What this task involves:
Everything in the listing below must be set down again exactly, apart from the pictures.

Given data:
□ □ □ □ □ □ □

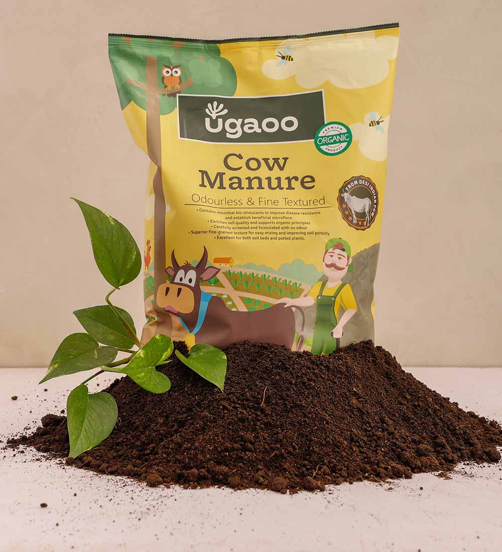 Ugaoo Cow Manure is an excellent fertilizer highly rich with organic matter and helps to improve aeration and break up compact soils. It is developed from composted cow dung of the Indian Desi cow and is incredibly rich with beneficial bacteria that convert soil nutrients into readily available forms for the tender plant.
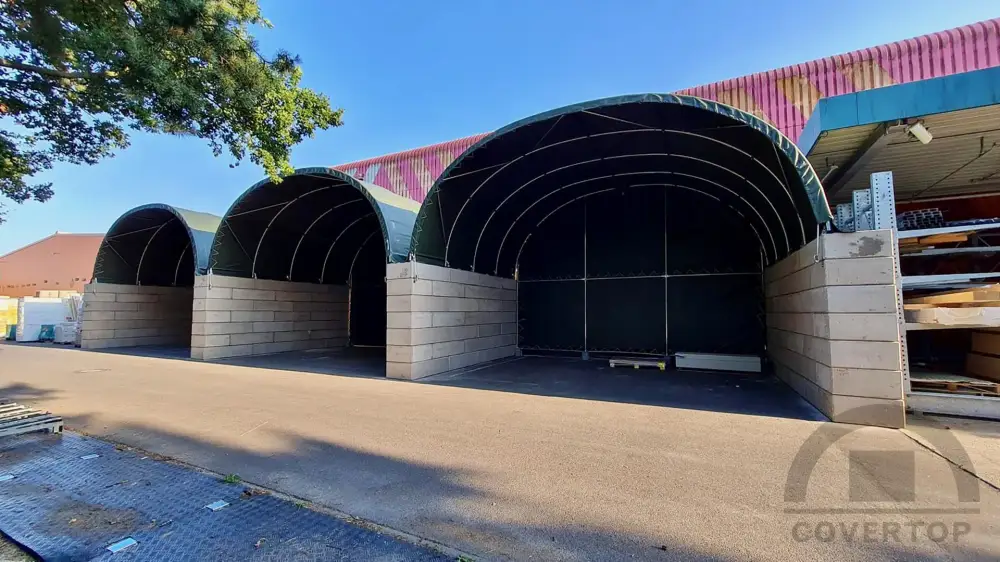 - Großzügige Überdachungsfläche 6 × 6 m – ideal für Container-Bereiche und Arbeitszonen
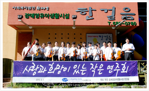 실내악연주회와 더불어 놀이, 청소봉사등으로 장애어린이들과 함께 하는 시간을 가졌습니다.
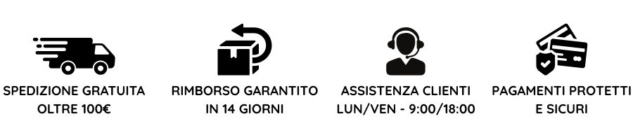 Estero: 15€ in tutta Europa (escluse isole) - Consegna con corriere DHL in 5/7 giorni lavorativi.<br>Gratis per ordini superiori o uguali a 200€

□ □ □ □ □ □ □

Answer for the task:
 Ugaoo Cow Manure is an excellent fertilizer highly rich with organic matter and helps to improve aeration and break up compact soils. It is developed from composted cow dung of the Indian Desi cow and is incredibly rich with beneficial bacteria that convert soil nutrients into readily available forms for the tender plant.
 - Großzügige Überdachungsfläche 6 × 6 m – ideal für Container-Bereiche und Arbeitszonen
 실내악연주회와 더불어 놀이, 청소봉사등으로 장애어린이들과 함께 하는 시간을 가졌습니다.
 Estero: 15€ in tutta Europa (escluse isole) - Consegna con corriere DHL in 5/7 giorni lavorativi.<br>Gratis per ordini superiori o uguali a 200€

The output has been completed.